Troy Edward Wilson: And on the guidance question, Peter, we have not changed anything at this point. We have guided to the initial top line results. From the first from the intensive chemotherapy combo in 2028. We have not been more specific. You know, we might tighten that up as we get closer. I will highlight we are significantly ahead as far as we can tell the competition in that setting. But even in the venetoclax-ineligible setting, which is the other side of COMMODORE-17, you know, the team is making just incredible progress. And you know, really credit to Mollie for combining these 2 phase threes into a single protocol such that every time we activate a clinical site, we are getting, you know, 2 phase 3 starts for the price of 1.

And so you are going to– I think you are going to see that continue to get pulled through The excitement has just been, you know, palpable. We did a an investigator meeting recently, and it was incredibly well attended and well received. So onward we go.

Operator: There are no more questions at this time. I would now like to turn the call over to Troy Edward Wilson for closing remarks.

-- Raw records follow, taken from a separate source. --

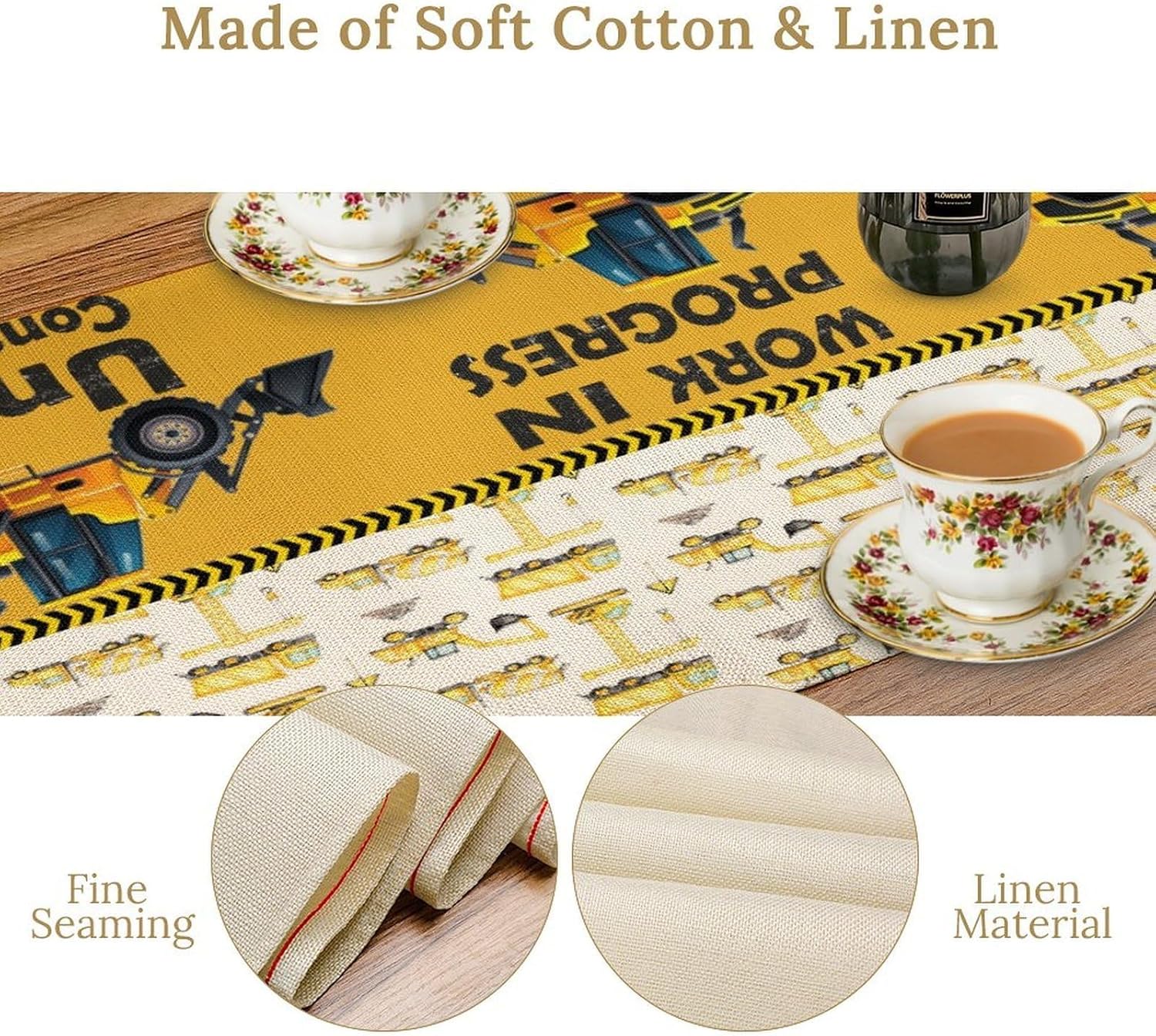 Cartoon Car Table Runner,Boys Kids Construction Vehicles Truck Yellow Print Tablecloth Burlap for Hotel Indoors Outdoor Dining Room Kitchen Home Decor,W13X L80 in
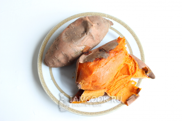 Разогреем духовку до 200 градусов и запечем батат в мундире, 35 минут. Во время запекания батат можно перевернуть несколько раз. Батат остудить и очистить от кожуры.
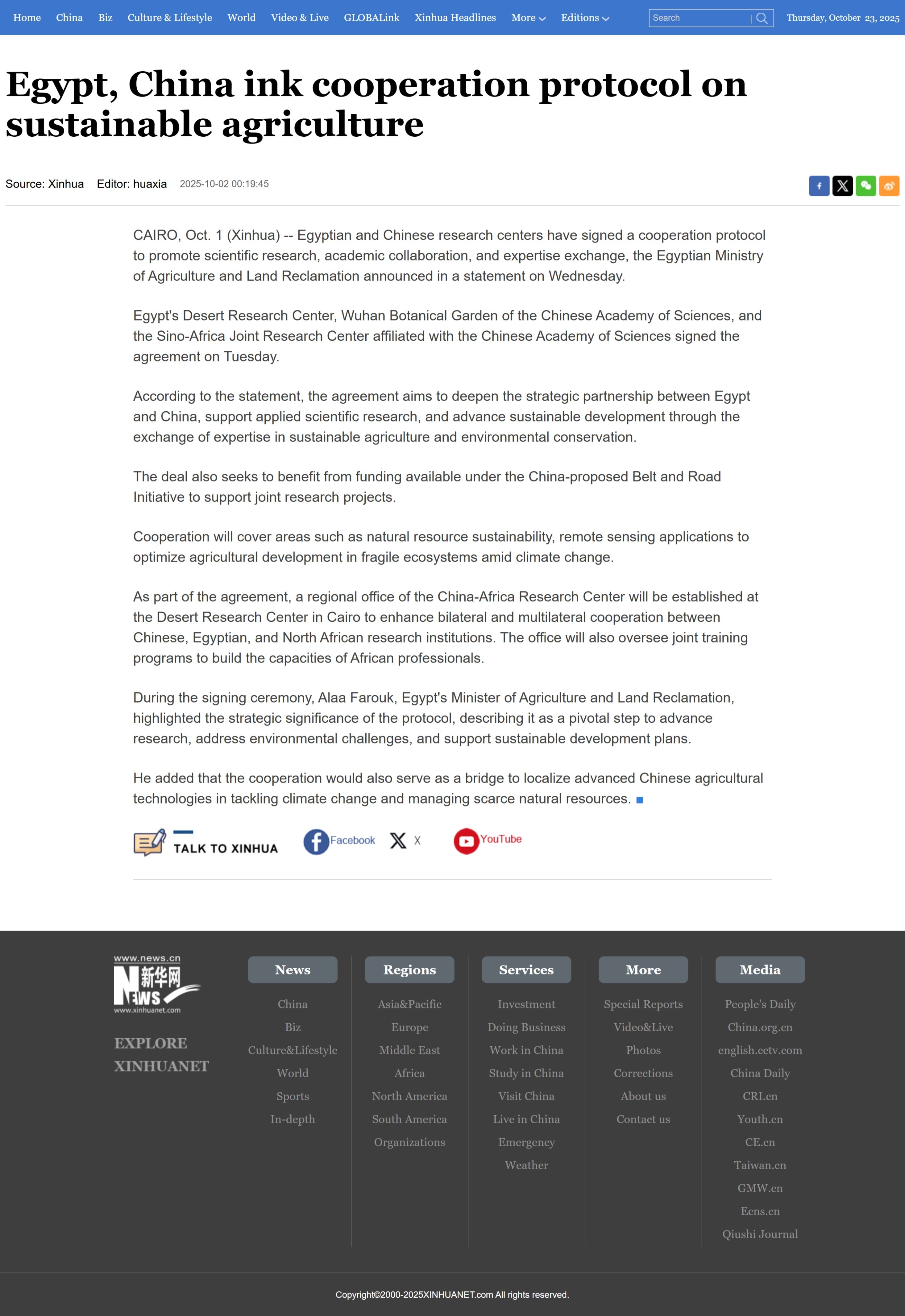 Egyptian and Chinese research centers have signed a cooperation protocol to promote scientific research, academic collaboration, and expertise exchange, the Egyptian Ministry of Agriculture and Land Reclamation announced in a statement on Wednesday.

Troy Edward Wilson: Thank you, Leila. And thank you all for joining us today. We are encouraged by the early performance of the Comzifty launch, the momentum we are seeing across our clinical programs, the clarity of our strategy moving forward. With continued commercial execution, multiple clinical catalysts ahead, including EHA and ASCO, and a strong financial position, we believe Kura is well positioned to drive meaningful impact for patients and to create long term value. We look forward to updating you again soon and to engaging with many of you at our upcoming investor event later this month. Thank you all once again, and we will adjourn.